Несмотря ни на что чувство, будто его разыгрывают, по-прежнему не проходило.
– Договорились, – согласился Вовка. – Я и про наше дело особо рассказывать не могу, эффект бабочки, слышал, наверное? – уточнил он. – Ты учти, у меня только три дня. Потом мой рейс обратно.
– Как же ты помогать собрался? – удивился Гера – Раз ты говорить ничего не можешь?
– Пра, то есть ты, такую штуку придумал: ты меня должен с собой взять, а я все на месте соображу и буду тебя незаметно направлять, куда надо. Пра уверен, что должно прокатить, хотя он у нас самый большой авантюрист в семье и частенько попадает впросак, – Вовка широко улыбнулся. – Мне, видать, его гены достались, вот я и решил, что попробовать все же стоит.
– Вообще-то, на меня не похоже, – засомневался Гера. – А куда я тебя взять-то должен?
В этот момент в дверь позвонили. Звонок вышел коротким и каким-то неуверенным, словно гость сам не знал, надо ему сюда или нет.
– Вот куда тебя сейчас позовут, туда меня и бери. Скажи, не могу бросить, родственник из деревни приехал, – инструктировал Вовка, пока они шли к двери.
Гера был напуган, удивлен и просто раздавлен, не понимая, что происходит в его жизни.
– Что-то мне крипово, – вздохнул он, в нерешительности глядя на дверь.
– Давай, пра, я же здесь, я знаю, что за дверью нет ничего страшного.
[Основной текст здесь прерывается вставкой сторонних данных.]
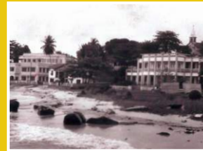
CCI du Gabon vue de face datant de 1965

Открывай, – произнес Вовка, улыбаясь, но Герасима не покидало ощущение фарса.
Глава 2
Полина
Поля стояла у двери и не решалась еще раз нажать на звонок. Она сама недавно окончила университет, и ей было сложно общаться со студентами моложе ее всего на три года. Полина всеми силами пыталась завоевать авторитет, ну, или на худой конец дружбу студентов, но выходило не всегда и не со всеми. Тому, что это ей давалось с большим трудом, способствовала еще и ее внешность. В свои двадцать шесть лет, маленькая, худенькая – она выглядела совершенной девочкой.
Полине от предков досталась необычная внешность, в ее крови было намешано столько, что почти каждая национальность бывшего СССР могла принять ее за свою. Всего в девушке было много разных черт, но как-то не ярко выраженных: раскосые черные глаза, но при этом очень большие, довольно смуглая кожа, будто после отдыха на море, с каким-то желтым оттенком, черный волос, но с красивым, почти красным отливом, словом, она была настоящая русская. Кровь, перемешавшись в поколениях, не боролась за первенство, и в Поле победила дружба народов. Примерно лет в десять, замучившись отвечать на вопрос о национальности, Полина выпытала у мамы все о ее предках, каких, конечно, та могла вспомнить, и написала стихотворение, которым после собиралась отвечать любопытным:
- Сегодня ночью не спалось совсем,
- Ложиться поздно – вредная привычка.
- И вдруг, как Мэри Поппинс, на окно
- Присела моя пра-калмычка.
- Сложив свой милый зонт из звёздной пыли,
- Она рассказывала мне о том,
- Как весело и дружно они жили,
- И как прекрасен был их общий дом.
- На тот рассказ, как светлячок на свет,
- Надев военный головной убор,
- Пришел мой польский легендарный дед,
- В зубах сжимая крепкий «Беломор».
- Дед вспоминал своих друзей,
- С которыми он шел в атаку,
- И день победы, майский день,
- Тот день, когда впервые плакал.
- С ним пра-бурят смахнул слезу,
- Целуя в щеку бабушку-гуранку.
- Он вспоминал Гражданскую войну
- И боевую крестницу-тачанку.
- Херсонский цыган стал шутить,
- Всем родственникам запрещая слезы,
- И утверждал: "С улыбкой надо жить!
- И обнимать плакучие березы".
- Стесняясь, дед-башкир молчал,
- Всем предлагая фирменный чак-чак.
- А бабку-украинку обнимал
- Мой белорусский прадед офицер-моряк.
- – А кто же я? Вы разных все кровей!
- Замолкли предки, мной поражены.
- Лишь усмехнулся пра-еврей:
- "Ты русская, такая же, как мы!"
Мама тогда очень смеялась и говорила, что чересчур развернутый у Полины получился ответ, и не стоит в принципе реагировать на бестактные вопросы. Но стихотворение похвалила и даже показала школьному учителю по литературе в надежде на похвалу. Тот, правда, не оценил детский порыв, чем расстроил больше маму, чем дочку, но факт есть факт: мама гордилась любыми достижениями дочери.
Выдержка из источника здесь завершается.